> _Work to be completed_: Exclude the pictures and repeat all of the data exactly.

> _Available data_:
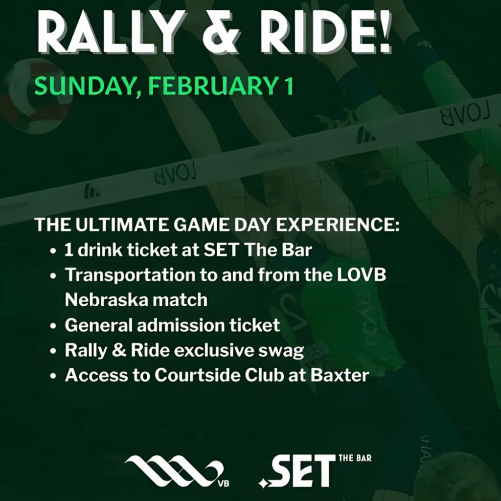 Rally & Ride is the ultimate game-day experience—start with a pre-game party at SET The Bar, then hop on the shuttle to cheer on LOVB Nebraska at Baxter Arena with fellow fans.
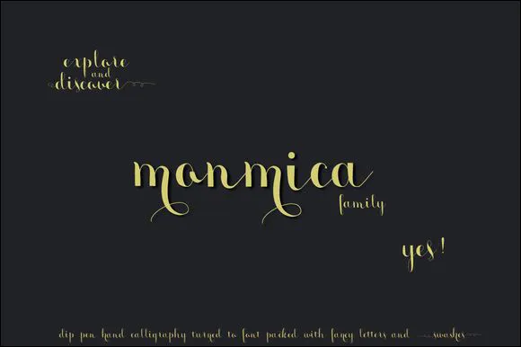 Monmica adalah font yang modern dan bersih. Dengan desainnya yang sederhana namun elegan, font ini cocok digunakan untuk berbagai jenis undangan, mulai dari yang formal hingga yang lebih santai.
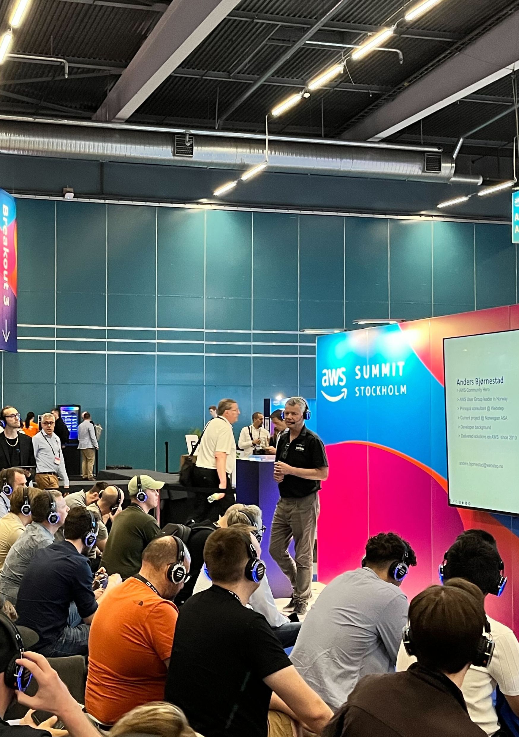 AWS arrangerer for eksempel regionale Summits, som i Stockholm, London og andre byer. Disse konferansene varer vanligvis én dag. Sammenlignet med re:Invent er forskjellene tydelige – både i størrelse og innhold. På Summits er det færre av de mest detaljerte foredragene, og det er også mindre tilstedeværelse av utviklerne fra AWS som jobber direkte med tjenestene.
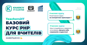 Читати повністю11 березня завершився курс від компанії Gameloft проєкту Teachers2IT від Kharkiv IT Cluster «Основи вебпрограмування за допомогою PHP», який затверджений на базі Харківського те...

> _Solution for this problem_:
 Rally & Ride is the ultimate game-day experience—start with a pre-game party at SET The Bar, then hop on the shuttle to cheer on LOVB Nebraska at Baxter Arena with fellow fans.
 Monmica adalah font yang modern dan bersih. Dengan desainnya yang sederhana namun elegan, font ini cocok digunakan untuk berbagai jenis undangan, mulai dari yang formal hingga yang lebih santai.
 AWS arrangerer for eksempel regionale Summits, som i Stockholm, London og andre byer. Disse konferansene varer vanligvis én dag. Sammenlignet med re:Invent er forskjellene tydelige – både i størrelse og innhold. På Summits er det færre av de mest detaljerte foredragene, og det er også mindre tilstedeværelse av utviklerne fra AWS som jobber direkte med tjenestene.
 Читати повністю11 березня завершився курс від компанії Gameloft проєкту Teachers2IT від Kharkiv IT Cluster «Основи вебпрограмування за допомогою PHP», який затверджений на базі Харківського те...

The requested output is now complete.